Study material section start
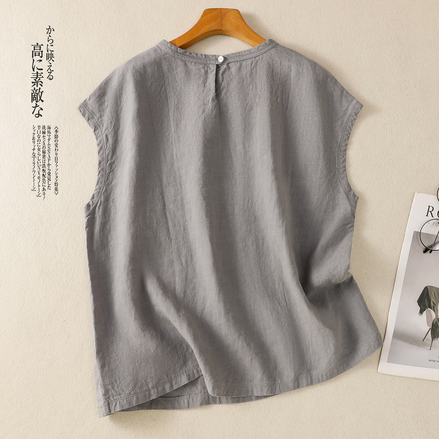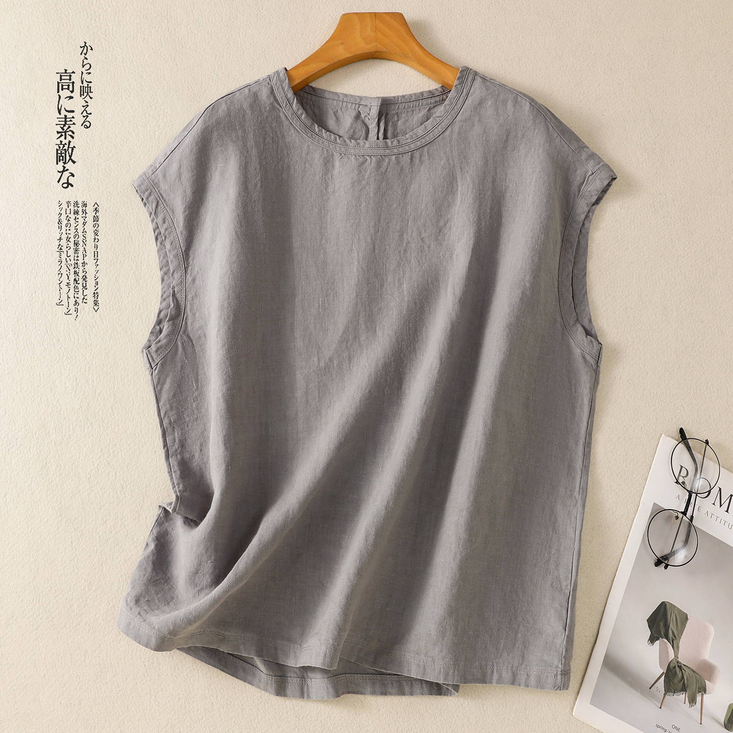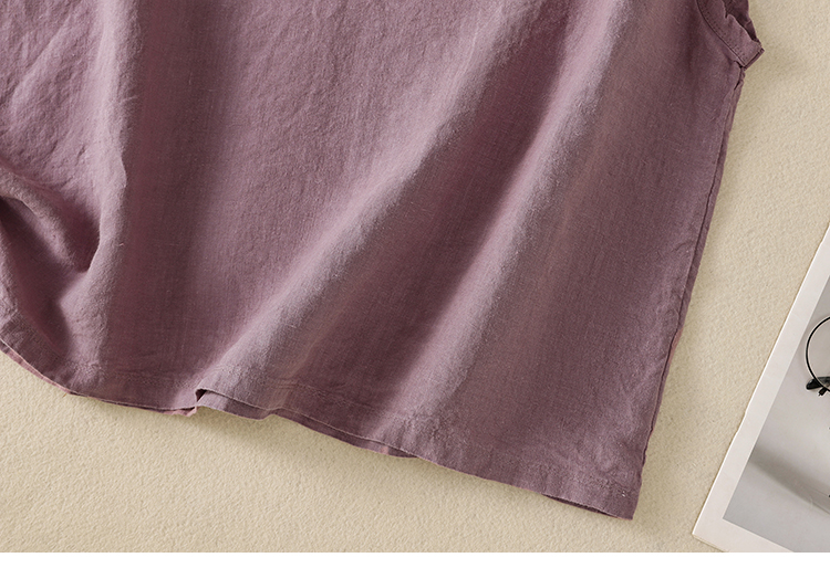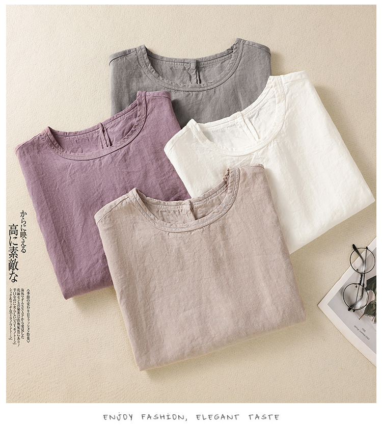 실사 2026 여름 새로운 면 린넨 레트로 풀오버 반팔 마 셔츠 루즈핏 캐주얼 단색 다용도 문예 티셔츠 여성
Study material section end
Study material section start
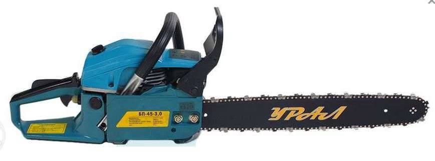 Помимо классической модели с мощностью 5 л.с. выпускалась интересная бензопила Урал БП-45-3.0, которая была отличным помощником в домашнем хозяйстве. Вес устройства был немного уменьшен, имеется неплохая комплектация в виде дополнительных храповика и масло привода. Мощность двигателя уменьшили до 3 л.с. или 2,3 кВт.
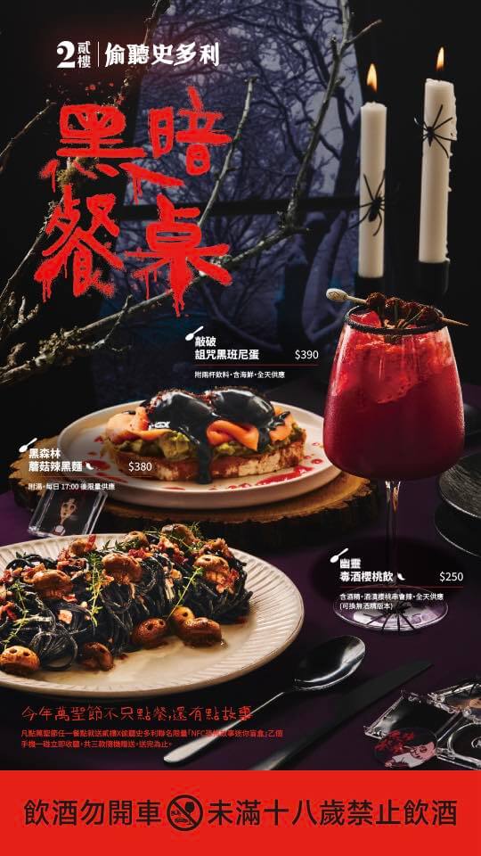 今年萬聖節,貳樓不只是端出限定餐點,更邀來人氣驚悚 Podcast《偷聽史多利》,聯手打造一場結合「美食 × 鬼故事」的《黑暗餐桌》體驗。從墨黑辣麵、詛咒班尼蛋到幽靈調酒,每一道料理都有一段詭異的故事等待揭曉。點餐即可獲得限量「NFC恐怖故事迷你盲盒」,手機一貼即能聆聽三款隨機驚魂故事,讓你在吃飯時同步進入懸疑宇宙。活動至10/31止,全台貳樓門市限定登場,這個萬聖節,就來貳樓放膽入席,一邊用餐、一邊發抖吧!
Study material section end
> [About this task]: Leave out every picture, and copy exactly the lines above starting at the one holding "Помимо классической модели" and ending at the one holding "今年萬聖節,貳樓不只是端出限定餐點,更邀來人氣驚悚 Podcast《偷聽史多利》,聯手打造一場結合「美食 ×", no more and no less.

> [Answer to this problem]:
 Помимо классической модели с мощностью 5 л.с. выпускалась интересная бензопила Урал БП-45-3.0, которая была отличным помощником в домашнем хозяйстве. Вес устройства был немного уменьшен, имеется неплохая комплектация в виде дополнительных храповика и масло привода. Мощность двигателя уменьшили до 3 л.с. или 2,3 кВт.
 今年萬聖節,貳樓不只是端出限定餐點,更邀來人氣驚悚 Podcast《偷聽史多利》,聯手打造一場結合「美食 × 鬼故事」的《黑暗餐桌》體驗。從墨黑辣麵、詛咒班尼蛋到幽靈調酒,每一道料理都有一段詭異的故事等待揭曉。點餐即可獲得限量「NFC恐怖故事迷你盲盒」,手機一貼即能聆聽三款隨機驚魂故事,讓你在吃飯時同步進入懸疑宇宙。活動至10/31止,全台貳樓門市限定登場,這個萬聖節,就來貳樓放膽入席,一邊用餐、一邊發抖吧!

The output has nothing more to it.